Here is the code in R. Variables are continuous except for cop99, a factor with 7 levels; surv is a survival model built from survival time and status (1=event, 0=survived):
coxmodel <- cph(surv ~ cost_mean + elev_mean + popn_mean + cop99 + PAs_mean,
data = grid3@data, x = TRUE, y = TRUE, surv = TRUE, time.inc=1)
glmmodel <- glmer(status ~ cost_mean + elev_mean + popn_mean + PAs_mean + (1|cop99),
family=binomial(link="cloglog"), nAGQ=7, data=grid3@data)
Here is the output for the Cox PH model:
Model Tests Discrimination
Indexes
Obs 36918 LR chi2 1525.11 R2 0.056
Events 2222 d.f. 11 Dxy 0.462
Center 1.6031 Pr(> chi2) 0.0000 g 1.268
Score chi2 1268.99 gr 3.552
Pr(> chi2) 0.0000
Coef S.E. Wald Z Pr(>|Z|)
cost_mean -0.5778 0.0272 -21.21 <0.0001
elev_mean -0.5786 0.0345 -16.77 <0.0001
popn_mean 0.0729 0.0083 8.83 <0.0001
cop99=30 1.8168 0.3802 4.78 <0.0001
cop99=40 2.3828 0.4017 5.93 <0.0001
cop99=50 2.0343 0.3775 5.39 <0.0001
cop99=110 0.5465 0.4989 1.10 0.2733
cop99=160 0.0572 0.4474 0.13 0.8982
cop99=170 -0.2884 0.4563 -0.63 0.5273
cop99=190 2.0738 1.0607 1.96 0.0506
PAs_mean -1.5656 0.1502 -10.42 <0.0001
and here is the summary of the glmer model:
Random effects:
Groups Name Variance Std.Dev.
cop99 (Intercept) 0.9941 0.997
Number of obs: 36918, groups: cop99, 8
Fixed effects:
Estimate Std. Error z value Pr(>|z|)
(Intercept) -3.84387 0.37838 -10.159 < 2e-16 ***
cost_mean -0.56986 0.02713 -21.002 < 2e-16 ***
elev_mean -0.57268 0.03444 -16.630 < 2e-16 ***
popn_mean 0.06933 0.00851 8.147 3.74e-16 ***
PAs_mean -1.57468 0.15089 -10.436 < 2e-16 ***
..surely the coefficients for the 4 continuous variables are too similar for this to be a coincidence?
If the baseline hazard in the Cox model is 1, it'll have no effect on the hazard. Equally, exp(-3.84387) is insignificantly small.
One final puzzle: this all looks to me like the continuous variables should have a big effect, not just a 'significant' one. But the r-squared is about 0.06 in both models. Doesn't that mean that, on the contrary, the model doesn't explain much?

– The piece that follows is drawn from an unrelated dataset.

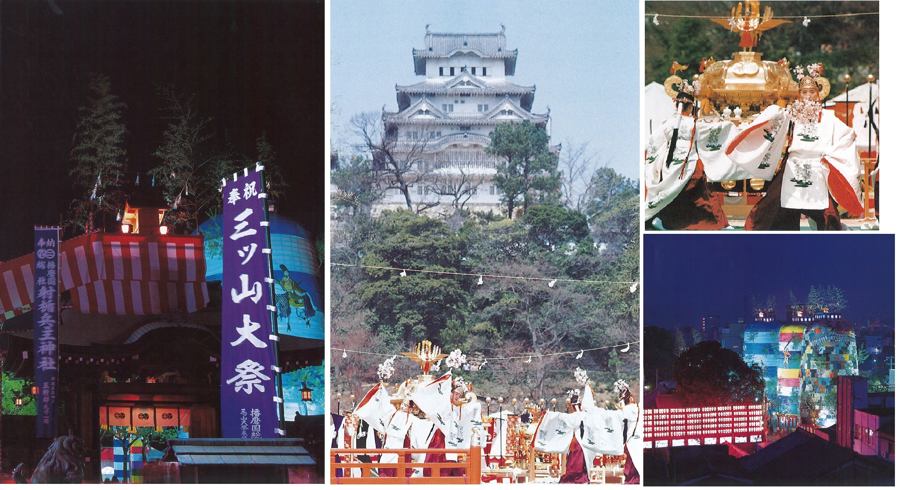 総社では、60年に一度の「一ツ山大祭」と20年に一度の「三ツ山大祭」が全国的に有名です。三ツ山大祭では、神門前に直径10m高さ18mの大きな山(置山)を設け、そこに「播磨の神々」「地元の古くから伝わる9柱の神々」「全国の神々(天神地祇)」をそれぞれお招きして、播磨の国のみならず、国の平安と発展を祈る壮大なお祭りです。

P.P.S. bearing in mind @EdM's advice in the answer below, I tried a binomial approach with R-INLA as follows:
lattice_temp <- poly2nb(grid3, row.names = grid3@data$id2)
nb2INLA(paste(getwd(), "/lattice.graph", sep = ""), lattice_temp)
lattice.adj <- paste(getwd(), "/lattice.graph", sep = "")
# INLA requires a dataframe and spatial lattice as input
grid10 <- grid3@data
survinla <- inla.surv(grid3@data$def_mean, grid3@data$status)
coxinla <- inla(survinla ~ 1 + cost_mean + elev_mean + popn_mean + cop99 +
f(id2, model = "bym", graph = lattice.adj, scale.model = TRUE),
data = grid10, family = "coxph",
control.compute=list(dic=TRUE, mlik=TRUE, waic=TRUE),
control.hazard = list(hyper = list(prec = list(param = c(0.001, 0.001)))))
...I ran this without the spatial term too. Adding the spatial term improves the marginal log-likelihood from -2167.46 to 890.66 and the WAIC score improves from 4376 to 3651. Maybe that's the way to go.
Having said that, some of the Cox PH model coefficients do have a low standard error so I wonder if it would still have some predictive value? Not that I know how to extrapolate to future years - which I should read up on (this is really a predictive and not an explanatory exercise) - but I do have yearly data for 2 of the covariates, so the prospect of a Cox model with time-dependent covariates is still a temptation...unless I can work them into a more standard model.